Data listing:
+++

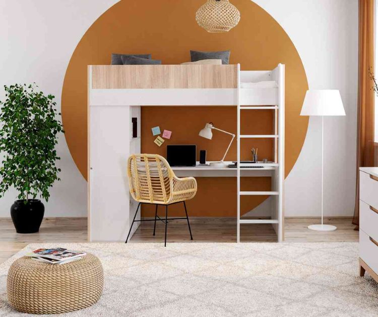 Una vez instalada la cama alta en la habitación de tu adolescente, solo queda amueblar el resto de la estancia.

+++

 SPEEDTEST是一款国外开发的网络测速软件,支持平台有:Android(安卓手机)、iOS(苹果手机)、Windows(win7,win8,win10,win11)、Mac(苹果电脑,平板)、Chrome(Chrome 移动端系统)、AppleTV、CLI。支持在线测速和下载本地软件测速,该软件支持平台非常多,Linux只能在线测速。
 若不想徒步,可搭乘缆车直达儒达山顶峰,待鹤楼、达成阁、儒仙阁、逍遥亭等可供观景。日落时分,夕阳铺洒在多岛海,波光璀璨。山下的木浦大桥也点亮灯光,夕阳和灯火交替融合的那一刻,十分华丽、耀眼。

+++

What you will do: Could you retype exactly the lines above, starting at the line that contains "SPEEDTEST是一款国外" and ending at the line that contains "若不想徒步,可搭乘缆车直达儒", and nothing more?

Reply to the exercise:
 SPEEDTEST是一款国外开发的网络测速软件,支持平台有:Android(安卓手机)、iOS(苹果手机)、Windows(win7,win8,win10,win11)、Mac(苹果电脑,平板)、Chrome(Chrome 移动端系统)、AppleTV、CLI。支持在线测速和下载本地软件测速,该软件支持平台非常多,Linux只能在线测速。
 若不想徒步,可搭乘缆车直达儒达山顶峰,待鹤楼、达成阁、儒仙阁、逍遥亭等可供观景。日落时分,夕阳铺洒在多岛海,波光璀璨。山下的木浦大桥也点亮灯光,夕阳和灯火交替融合的那一刻,十分华丽、耀眼。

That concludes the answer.